In the opinion of management, inflation has not and will not have a
material effect on the operations of the Company until such time as the Company
successfully completes an acquisition or merger. At that time, management will
evaluate the possible effects of inflation on the Company as it relates to its
business and operations following a successful acquisition or merger.
Plan of Operation
During the next twelve months, the Company will actively seek out and
investigate possible business opportunities with the intent to acquire or merge
with one or more business ventures. In its search for business opportunities,
management will follow the procedures outlined in Item I above. Because the
Company lacks finds, it may be necessary for the officers and directors to
either advance funds to the Company or to accrue expenses until such time as a
successful business consolidation can be made.

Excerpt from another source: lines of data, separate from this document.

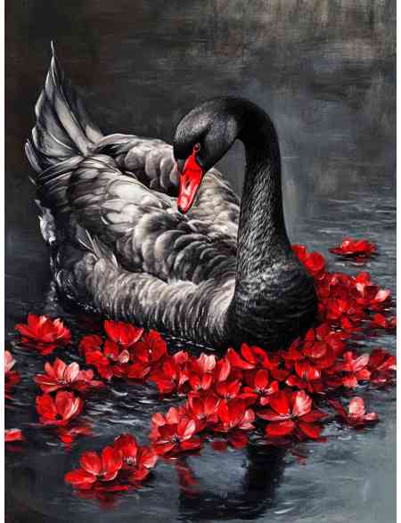 Алмазная мозаика без подрамника «Черный лебедь» 130x100 см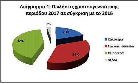 Για το 55% των επιχειρήσεων οι πωλήσεις είτε αυξήθηκαν είτε παρέμειναν στάσιμες, ενώ για το 42% των επιχειρήσεων οι πωλήσεις μειώθηκαν, ποσοστό που είναι όμως αισθητά μειωμένο, έναντι του αντίστοιχου ποσοστού το 2016 (76%).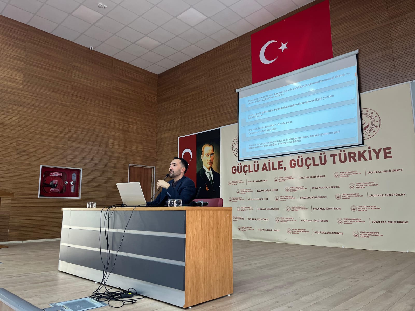 Krize Müdahale ve Çatışma Yönetimi Eğitimi-2 Yüksekokulumuz öğretim üyesi Doç. Dr. Cumhur GÜNGÖR tarafından Afyonkarahisar Aile ve Sosyal Hizmetler İl Müdürlüğü meslek personeline “Krize Müdahale ve Çatışma Yönetimi” eğitimi 20 Kasım 2025 tarihinde verilmiştir. 20 Kasım 2025, Perşembe 30 kez görüntülendi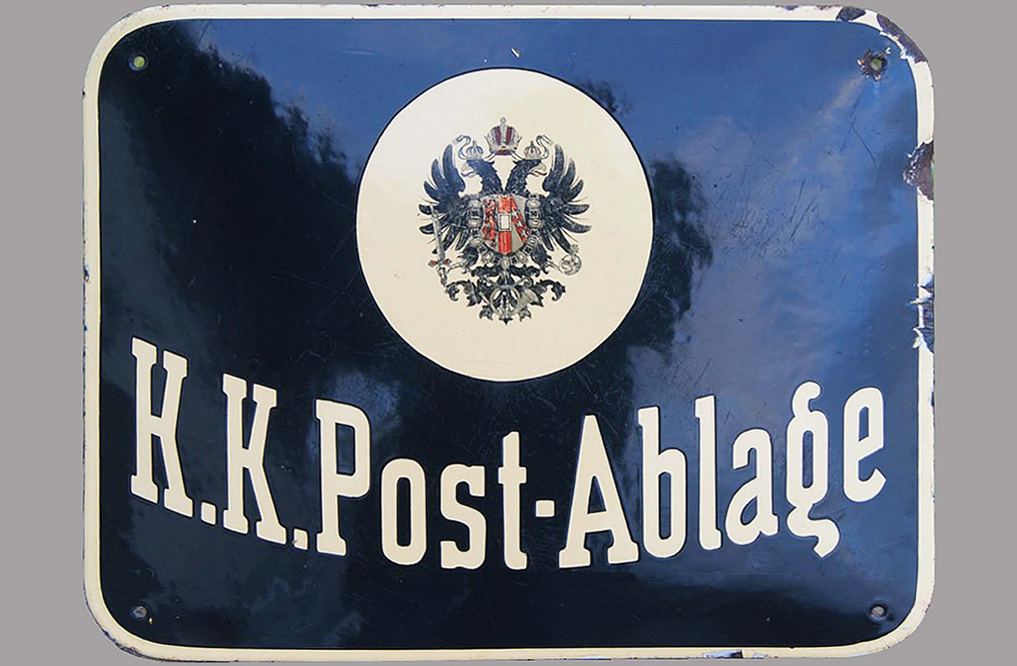 Das Bild zeigt ein Postablage-Schild mit Inschrift „K.K. Post-Ablage“ und österreichischem Doppeladler. Solche Schilder heute ausfindig zu machen, ist alles andere als einfach; dieses Exemplar stammt aus der Sammlung des Österreichers Johannes Gschiel.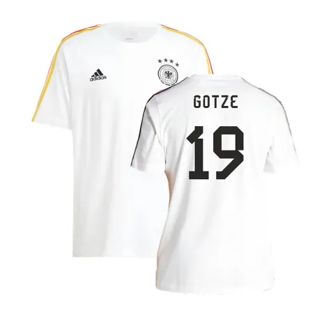 Official Mario Gotze football shirt. This is the NEW Germany 3S DNA Tee (White) for the 2024-2025 season which is manufactured by Adidas and is available in all Adult sizes.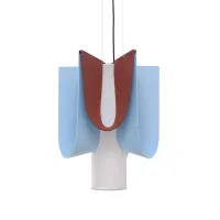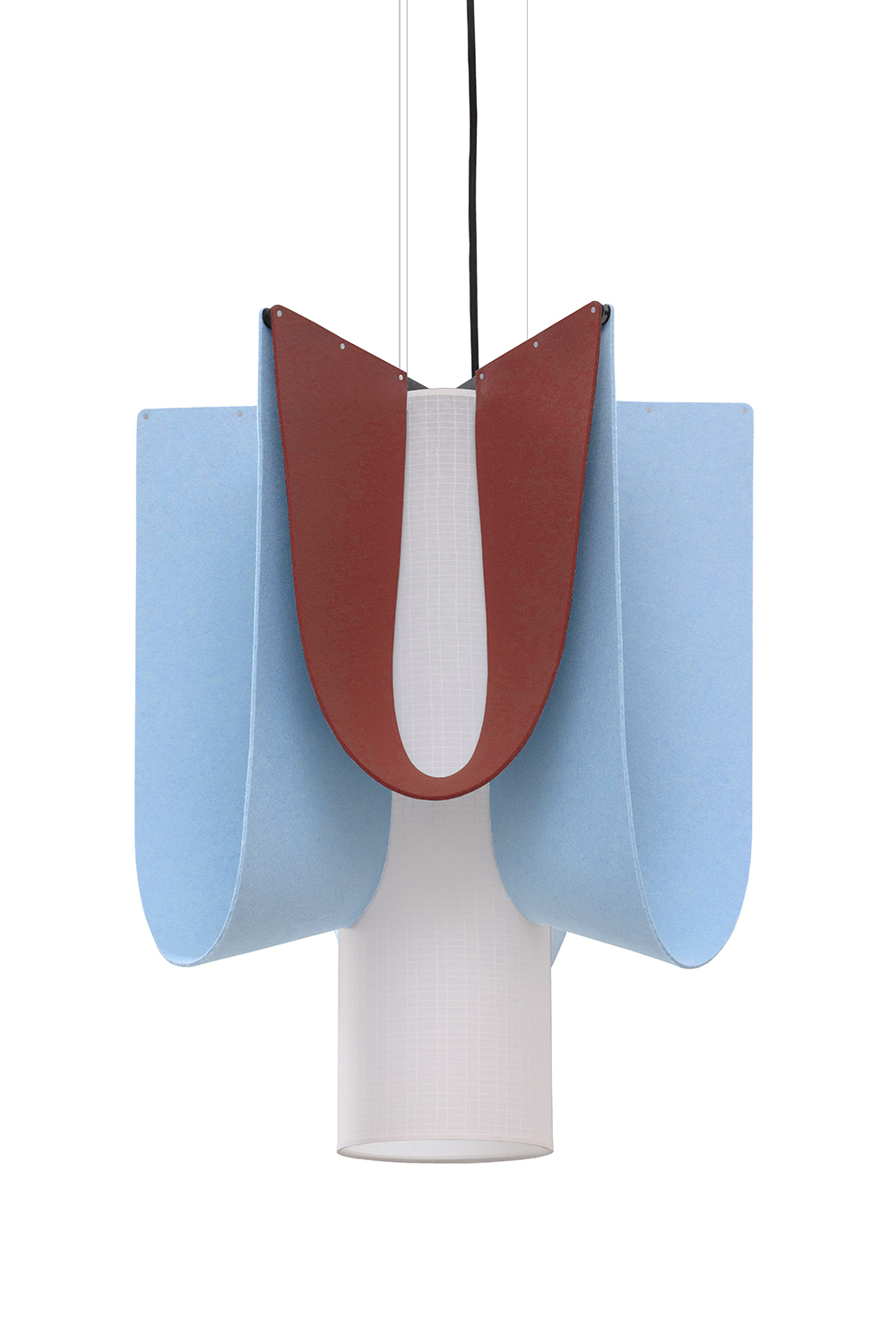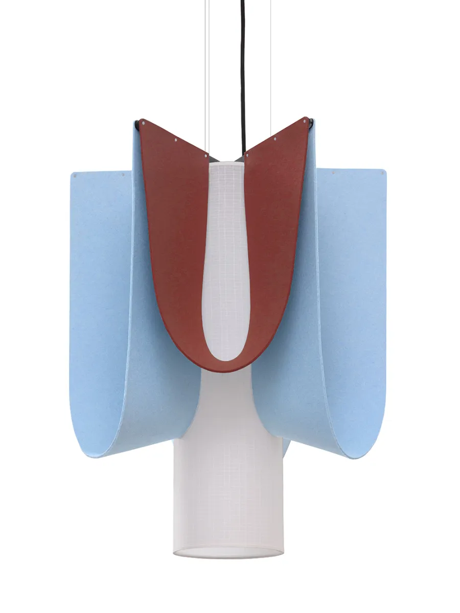 Inspired by mythology, Ondine symbolizes the fluid grace of water. The name reflects the poetry of a luminaire with light arctic blue and chilli red felt waves that unfurl through space in an undulation, absorbing unwanted noise.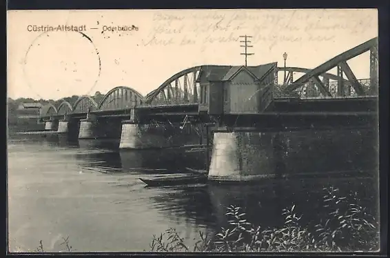 AK Cuestrin-Altstadt, Blick zur Oderbrücke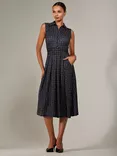 Sleeveless Polka Dot Shirt Dress, White/Black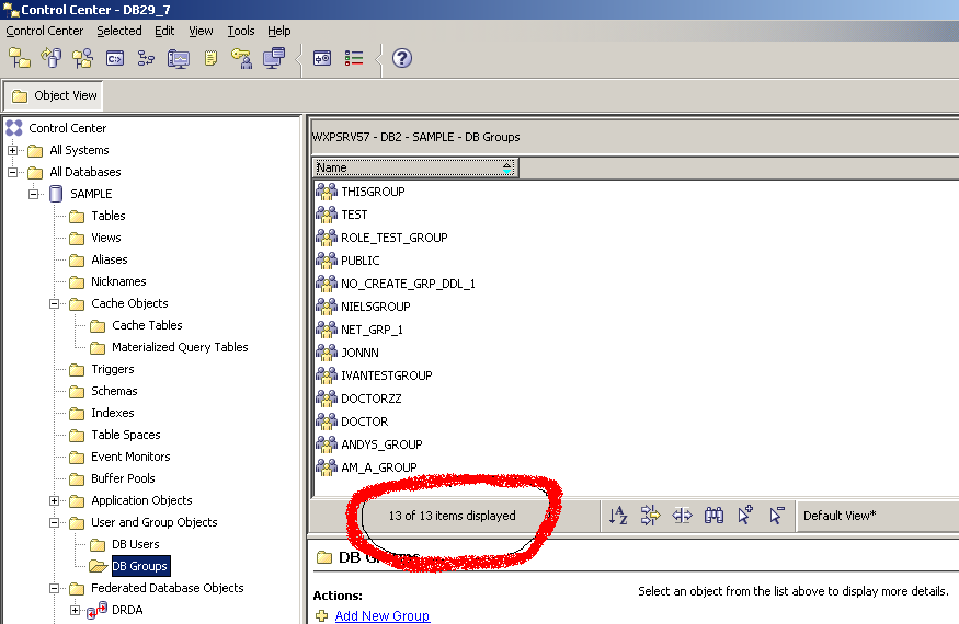 3. Compare with DB2 Control Centre and you can see that there are only 13 items present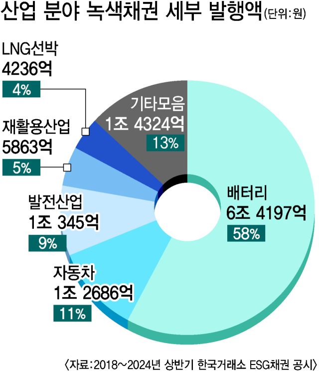제조업 중심의 산업 현장에 직접 투입된 녹색채권은 모두 11조 1651억 원이다. 공장 증설, 연구개발 투자, 부품 구매 등으로 쓰였다. 이 중 6조 4197억 원(58%)이 배터리 관련이다. 이어 1조 2686억 원(11%)이 친환경 자동차 관련 시설 투자·연구개발·부품 제작 등에 쓰였다. 배터리 역시 대부분 전기차 공급용으로 쓰이므로, 사실상 산업 부문에 쓰인 녹색채권의 70% 정도가 친환경 자동차에 투자된 셈이다.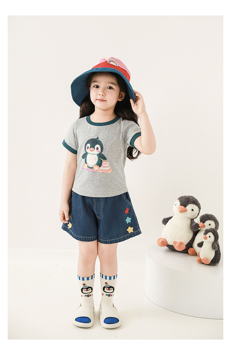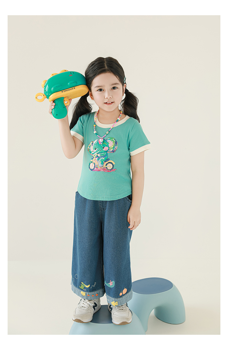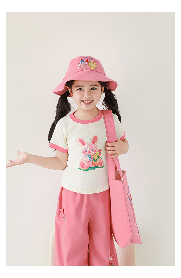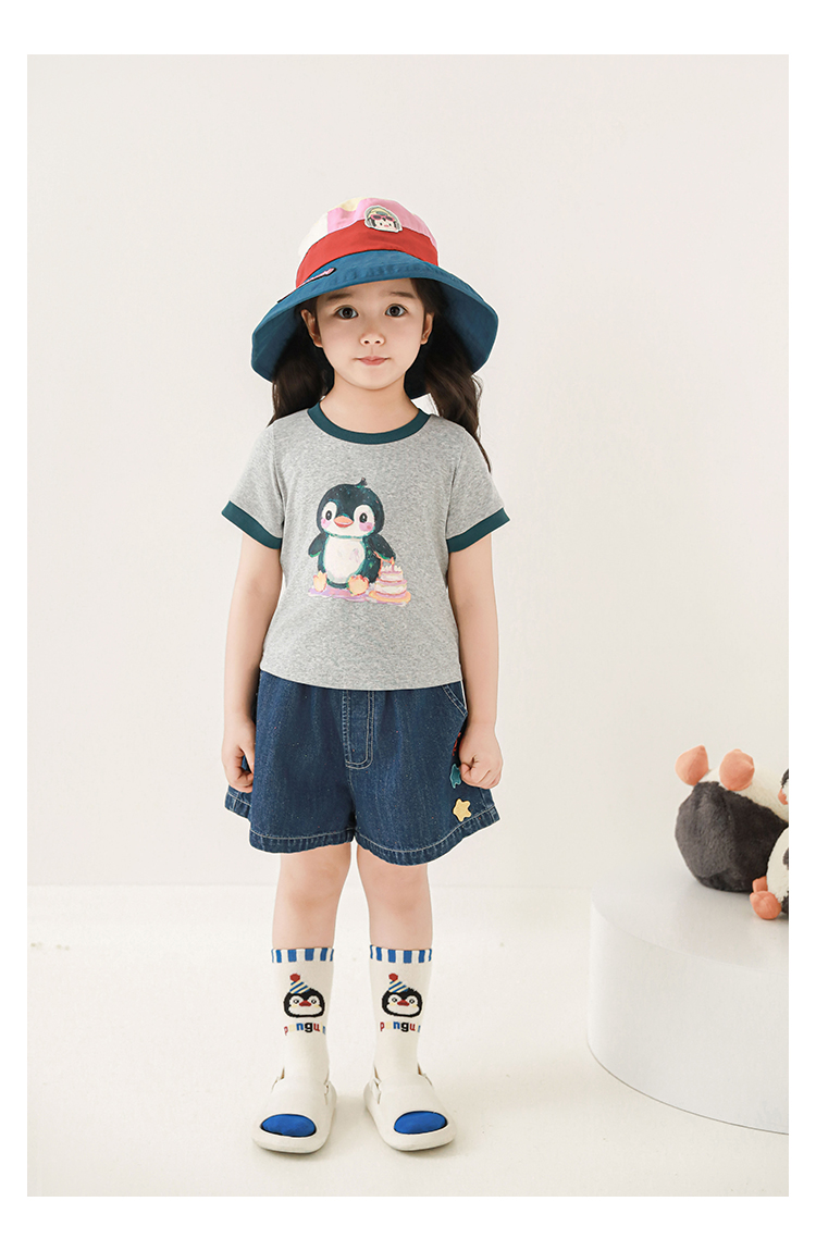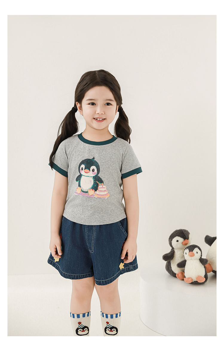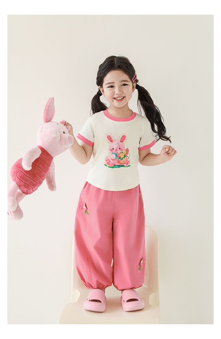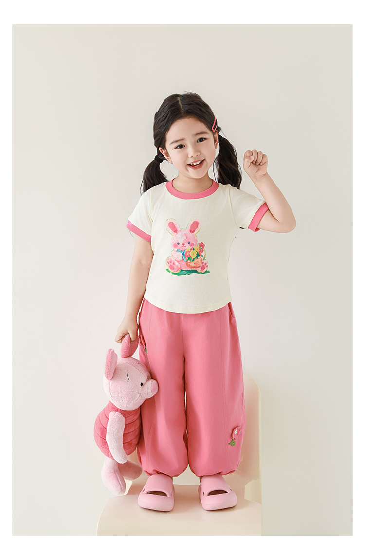 Wuri Boo Girl's Pet 프린트 반팔 티셔츠 여름 어린이 쿨 콘트라스트 리브 올 매치 쇼트 티셔츠

Management intends to hold expenses to a minimum and to obtain services on
a contingency basis when possible. Further, the Company's directors will defer
any compensation until such time as an acquisition or merger can be accomplished
and will strive to have the business opportunity provide their remuneration.
However, if the Company engages outside advisors or consultants in its search
for business opportunities, it may be necessary for the Company to attempt to
raise additional funds.
As of the date hereof, the Company has not made any arrangements or
definitive agreements to use outside advisors or consultants or to raise any
capital. In the event the Company does need to raise capital most likely the
only method available to the Company would be the private sale of its
securities. Because of the nature of the Company as a development stage company,
it is unlikely that it could make a public sale of securities or be able to
borrow any significant sum, from either a commercial or private lender. There
can be no assurance that the Company will be able to obtain additional funding
when and if needed, or that such funding, if available, can be obtained on terms
acceptable to the Company.
The Company does not intend to use any employees, with the possible
exception of part-time clerical assistance on an as-needed basis. Outside
advisors or consultants will be used only if they can be obtained for minimal
cost or on a deferred payment basis. Management is confident that it will be
able to operate in this manner and to continue its search for business
opportunities during the next twelve months.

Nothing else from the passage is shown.